- TASK STATEMENT: Should a picture appear anywhere in the data, omit it and copy everything else exactly.

- DATA RECORDS:
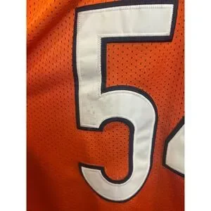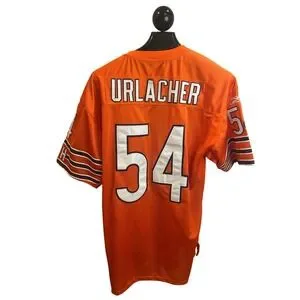 Authentic Reebok NFL Equipment Onfield Chicago Bears Brian Urlacher jersey. This mesh jersey features high-quality stitched name and numbers, including the iconic #54 on the front, back, and shoulders. Detailed with the GSH (George Stanley Halas) memorial stripes on the sleeves and the NFL Equipment shield at the V-neck. Constructed from durable 100% polyester, it includes the official jock tag at the hem. Note: There is some light staining on the front white number 5 as shown in photos. Please note the staining on the numbers as shown in the picture.
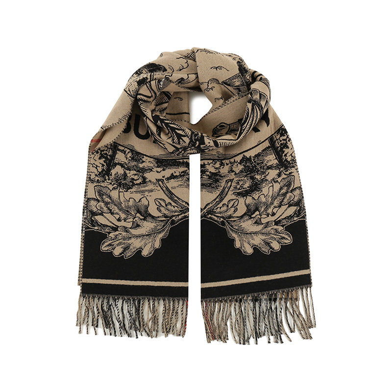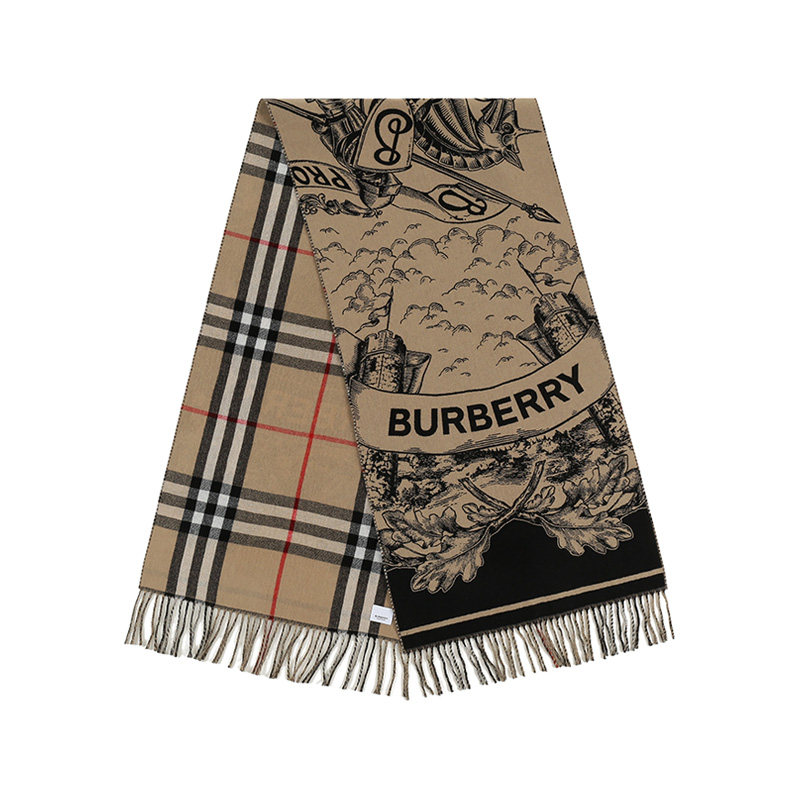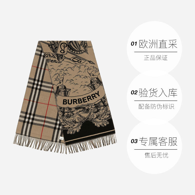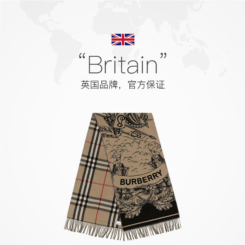 【自营】博柏利 BURBERRY 中性款山羊绒双面流苏保暖围巾披肩格子
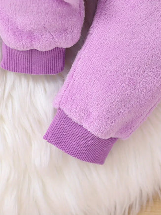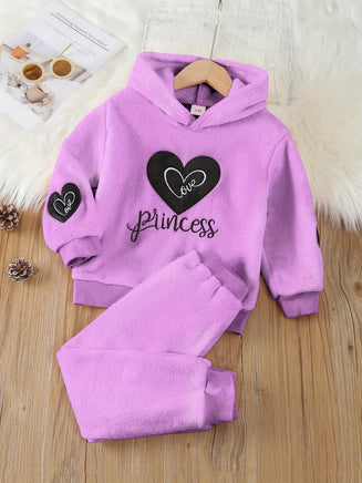 The Princess Plush Winter Fashion Fleece Two Piece Set is a cozy and stylish outfit for girls, perfect for the colder seasons. Featuring a purple color with a princess theme, this set includes a plush fleece jacket and matching pants with long sleeves for warmth. The casual style and soft fabric make it comfortable for everyday wear, adding a touch of whimsy to any young girl's wardrobe. Ideal for winter, fall, and spring, this 2-piece set is a cute and practical choice for any occasion.
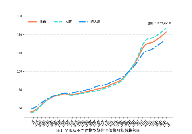 地政局局長陳淑美表示,113年3月國內經濟景氣信號分數為30分,維持綠燈,與前期(2月)相比小幅上升1分,可見113年第1季總體經濟景氣仍呈現穩定上升跡象。本期住宅價格指數微幅上漲,而建物買賣移轉棟數方面,全市3月建物移轉棟數共計2,894棟,交易量較前期(1492棟)大幅增加93.97%,並以新成屋完工住宅大樓交易量增加較多,主要係因前期適逢農曆春節期間,交易量較少。綜觀今年度各月建物買賣移轉棟數雖有變化,然在市場剛性需求仍穩定支撐下,買氣也持續加溫,整體買賣棟數較去年同期(112年3月)大幅增加32.69%,住宅市場呈現價量俱穩的格局。
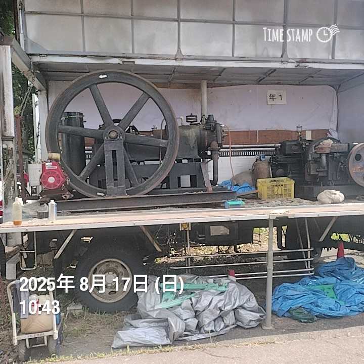 明日、福井県大野市道の駅「荒島の郷」で恒例のお盆発動機運転会開催。158号線通れます、土曜日16日準備かねて夕方から、17日(日曜日は)朝からやってます、参加費無料。県内中心の小規模な運転会だけど少しは増えるかも?今年の岡山県鴨方運転会に浦井さん参加したら福井県から若手2名参加したそうだ、福井県も僅かながら愛好者増えそう、頼もしい。昨年の会場は道の駅裏だった、当日36℃以上の猛暑予報なので200mほど会場変更、こちらは日陰有る。写真正面の道の駅裏手道の真っ直ぐ行くと会場有り、会場狭い、駐車場有り。道の駅裏手に旗立ってます、左手森の下。日本最大の石油発動機アントンシュリューター回す(回ったら?)
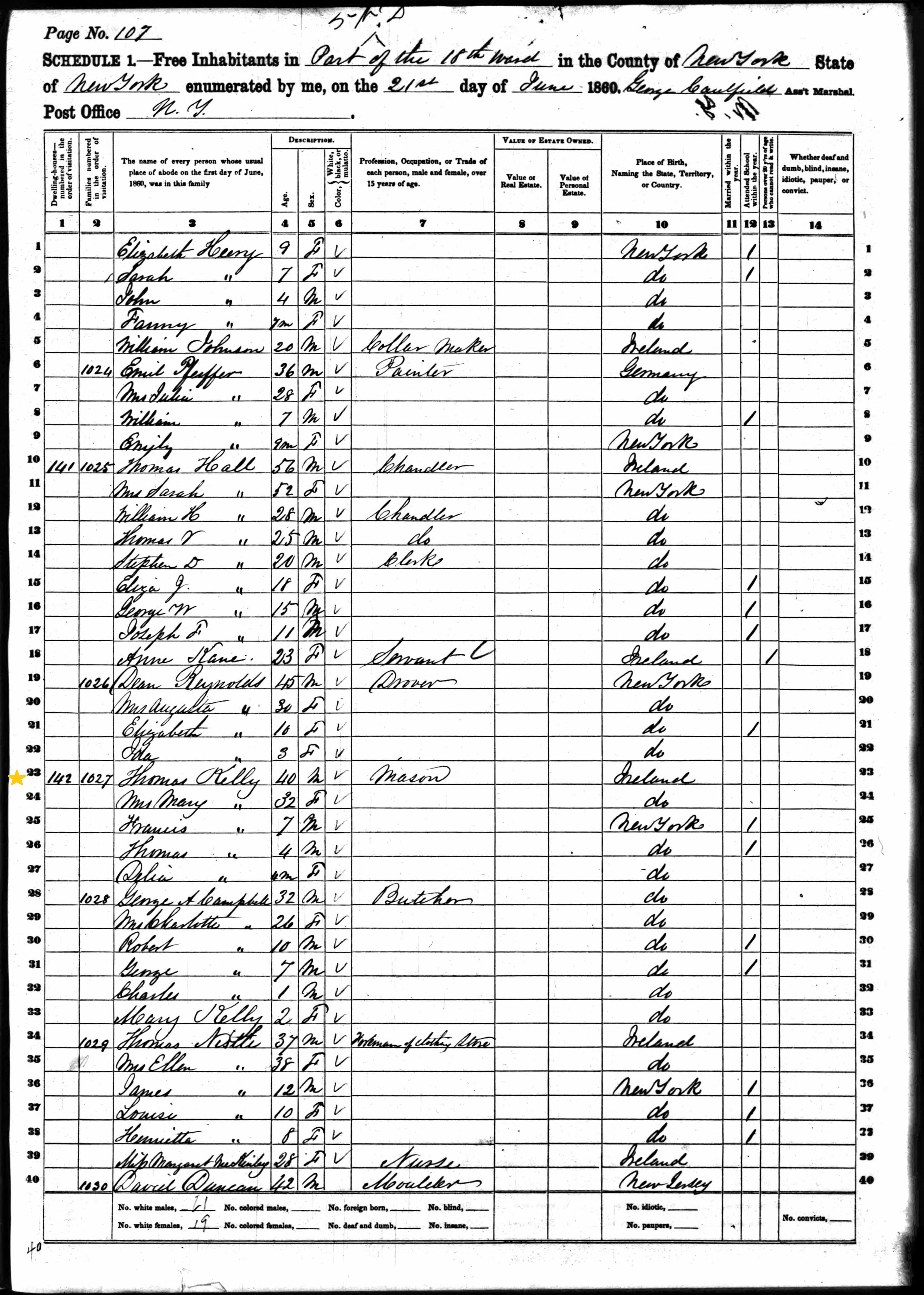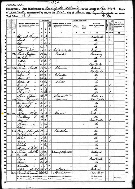 Thomas and Mary Kelly; 1860 Census

- RESULT:
 Authentic Reebok NFL Equipment Onfield Chicago Bears Brian Urlacher jersey. This mesh jersey features high-quality stitched name and numbers, including the iconic #54 on the front, back, and shoulders. Detailed with the GSH (George Stanley Halas) memorial stripes on the sleeves and the NFL Equipment shield at the V-neck. Constructed from durable 100% polyester, it includes the official jock tag at the hem. Note: There is some light staining on the front white number 5 as shown in photos. Please note the staining on the numbers as shown in the picture.
 【自营】博柏利 BURBERRY 中性款山羊绒双面流苏保暖围巾披肩格子
 The Princess Plush Winter Fashion Fleece Two Piece Set is a cozy and stylish outfit for girls, perfect for the colder seasons. Featuring a purple color with a princess theme, this set includes a plush fleece jacket and matching pants with long sleeves for warmth. The casual style and soft fabric make it comfortable for everyday wear, adding a touch of whimsy to any young girl's wardrobe. Ideal for winter, fall, and spring, this 2-piece set is a cute and practical choice for any occasion.
 地政局局長陳淑美表示,113年3月國內經濟景氣信號分數為30分,維持綠燈,與前期(2月)相比小幅上升1分,可見113年第1季總體經濟景氣仍呈現穩定上升跡象。本期住宅價格指數微幅上漲,而建物買賣移轉棟數方面,全市3月建物移轉棟數共計2,894棟,交易量較前期(1492棟)大幅增加93.97%,並以新成屋完工住宅大樓交易量增加較多,主要係因前期適逢農曆春節期間,交易量較少。綜觀今年度各月建物買賣移轉棟數雖有變化,然在市場剛性需求仍穩定支撐下,買氣也持續加溫,整體買賣棟數較去年同期(112年3月)大幅增加32.69%,住宅市場呈現價量俱穩的格局。
 明日、福井県大野市道の駅「荒島の郷」で恒例のお盆発動機運転会開催。158号線通れます、土曜日16日準備かねて夕方から、17日(日曜日は)朝からやってます、参加費無料。県内中心の小規模な運転会だけど少しは増えるかも?今年の岡山県鴨方運転会に浦井さん参加したら福井県から若手2名参加したそうだ、福井県も僅かながら愛好者増えそう、頼もしい。昨年の会場は道の駅裏だった、当日36℃以上の猛暑予報なので200mほど会場変更、こちらは日陰有る。写真正面の道の駅裏手道の真っ直ぐ行くと会場有り、会場狭い、駐車場有り。道の駅裏手に旗立ってます、左手森の下。日本最大の石油発動機アントンシュリューター回す(回ったら?)
 Thomas and Mary Kelly; 1860 Census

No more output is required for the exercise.